Obvious troll is obvious.

Rocky Rococo
19th December 2010, 05:47
The whole idea of an "impartial" or "unbiased" media is absurd. Gramsci explained to us decades ago that the hegemonic ideology is the one that gets to pretend it's not an ideology, that it is "common sense" or "unbiased" or "just the way the world works", but that doesn't make it any less of an ideology than any other ideology. The sooner people get past this bourgeois ideological presentation of an "impartial" or "non-ideological" media outlet in a capitalist society, the better off we'll all be.

FreeFocus
19th December 2010, 07:35
As an outsider I have to say that from what I see, BBC is far above anything that is a mainstream news source in the US (besides PBS, which sometimes puts forth really interesting, informative, and truthful documentaries and coverage). It's not anything close to Fox. Seriously. Those of you who are saying that really don't know how fucking horrible Fox is.

Raúl Duke
20th December 2010, 15:39
As an outsider I have to say that from what I see, BBC is far above anything that is a mainstream news source in the US (besides PBS, which sometimes puts forth really interesting, informative, and truthful documentaries and coverage). It's not anything close to Fox. Seriously.
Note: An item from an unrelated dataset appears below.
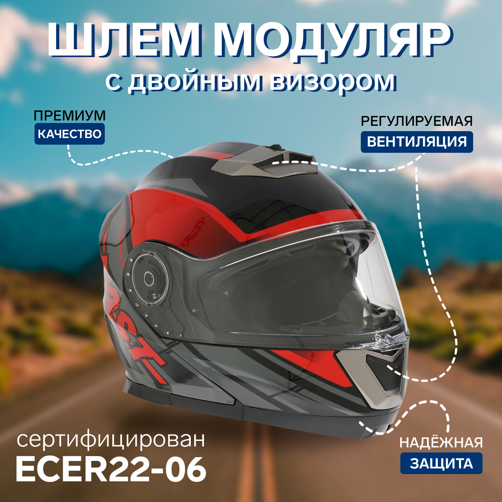 Шлем модуляр с двумя визорами, размер Xxl (61), модель - Bld-160e, черно-красный

Those of you who are saying that really don't know how fucking horrible Fox is.

This

I mean, those who say "it's the same", have you ever actually seen Fox News and compare/contrast?

True, the media belongs to the elites and will always skew things in their favour, but at least they're not as bat-shit crazy as Fox is.

Do you want to see a Glenn Beck-like show in the UK? (i.e. a guy, on TV, screaming that crypto-communists have taken over the government or that the student protesters are pseudo-anarchists who are really evil communists which are the same as Nazis, etc?) I surely wouldn't want to see that happening anywhere.

RadioRaheem84
20th December 2010, 16:35
BBC>>>>>FOX

BBC is still pro-capitalist but it's still pretty informative.

ed miliband
20th December 2010, 16:59
What really matters is not the 'informative-but-biased' shows that the BBC produce, but the news broadcasts that are watched by millions of people (BBC Breakfast, News at Six and News at Ten) in Britain. I think, and I may be wrong, that some Americans have a slightly romanticised image of the BBC; take that weird Gore Vidal interview on election night '08 where he started talking about knowing 'what viewers of the BBC want' or something, as if the BBC only produced the news for discerning left-wing intellectuals (or at least that's how I interpreted it).

The BBC do produce some good news / current affairs shows*, but these aren't broadcast on primetime TV and they don't draw audiences of millions. On the other hand, try and sit through something like 'BBC Breakfast' which is produced for a large audience. Yeah, it may be better than Fox News, but not by much.



*I mean, Newsnights economics editor is a former Trot who spoke at the London Anarchist Bookfair - that's pretty cool. But for the flagship news programmes the economics editor is Robert Peston, a new Labour type.